ウエスタンデジタルは7月7日、新ブランド「SanDisk Professional」立ち上げに関する説明会をオンライン形式で開催した。同ブランドがどのような経緯で誕生し、また今後展開していくことになるのかをお伝えしていきたい。

SanDiskとG-Technologyを融合する

発表会でははじめに国内セールスのバイスプレジデント職を務めるラリー・スウィージー氏が登壇し、SanDisk Professional誕生の経緯を説明した。

ラリー・スウィージー氏

氏によれば、SanDiskブランドは、プロからも高い信頼が寄せられているブランドで、「業務として撮影をする」というワークフロー面でも一定の評価を得ているという。また、ウエスタンデジタルグループによる日立グローバルストレージテクノロジーズ(HGST)買収に伴い、同社が引き継いだG-Technologyブランドの存続も必要だと考えたと続けて、両ブランドを統合した新ブランドが「SanDisk Professional」の在り方なのだと説明した。

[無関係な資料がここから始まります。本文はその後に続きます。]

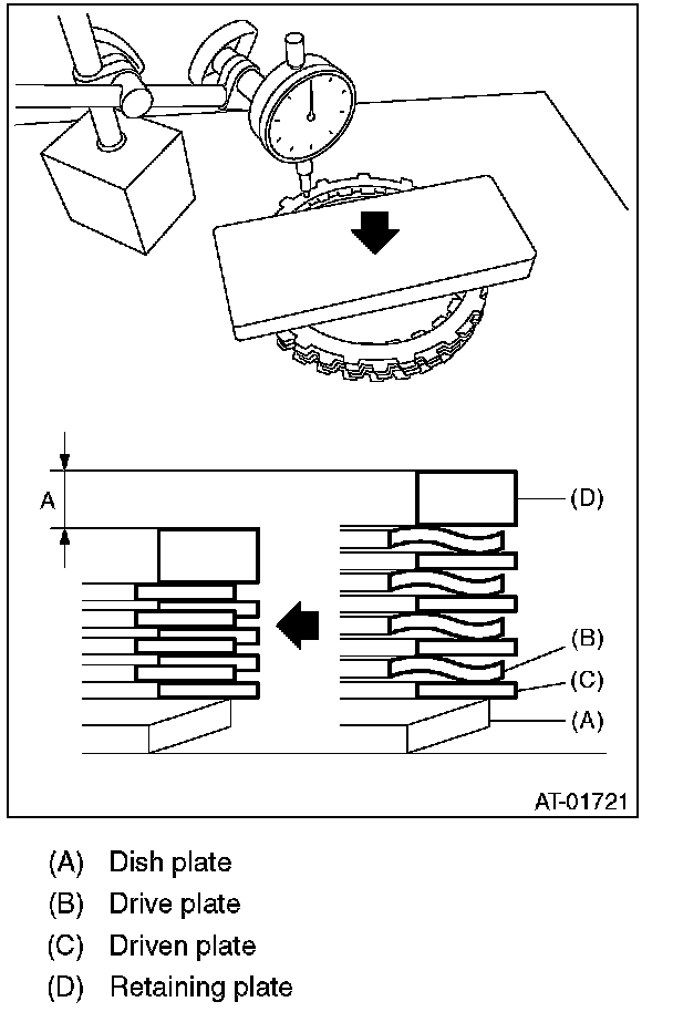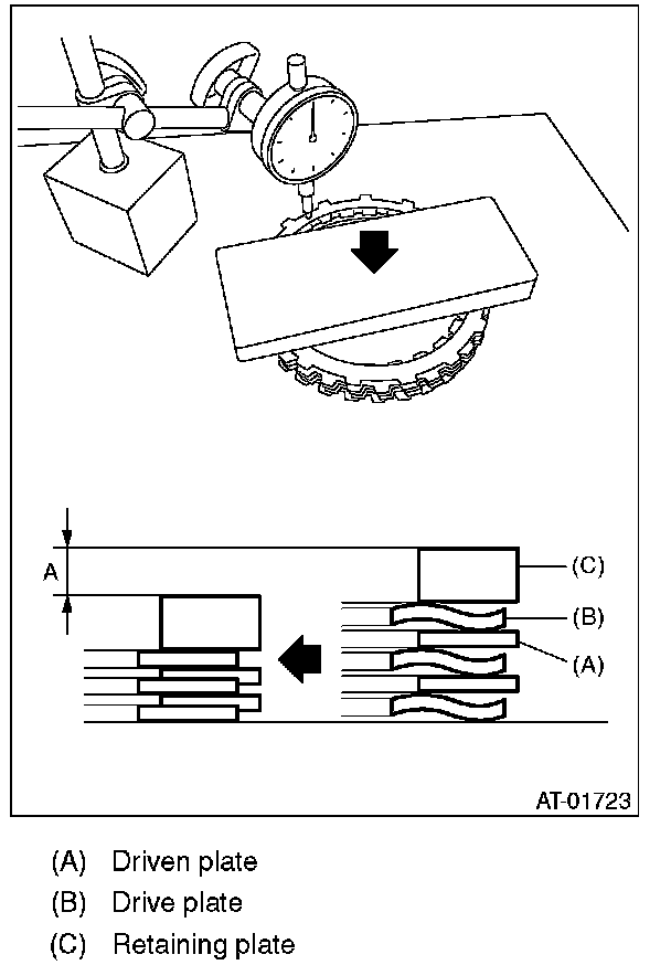13) Press the center of retaining plate with a force of N using a push/pull gauge, and measure and record the drive plate compression amount "A". Measure at three or more locations spaced by equal distances and take the average value.

なぜこのタイミングなのか、という点に関しては、マーケットやカメラの変化によるところが大きいとしたラリー・スウィージー氏。静止画向けのカメラが静止画だけでなく、動画撮影にも対応し、またSNSなどへの動画投稿が一般化したことを背景に、クリエイターが増大。比例してコンテンツ量が飛躍的に拡大したことで、高い信頼性や大容量記録ストレージが記録メディアソリューションに求められるようになってきたのだとして、ブランド統合のタイミングとして好適な状況になったことが、背景として大きいのだと続けた。

つまり、SanDisk Professionalのブランドアプローチとは、G-TechnologyブランドとSanDiskブランドが培ってきたプロニーズからの信頼や認知度をベースに、現今のストレージ製品に求められる、高速性や信頼性、堅牢性などに応える製品群として構成されていく、というわけだ。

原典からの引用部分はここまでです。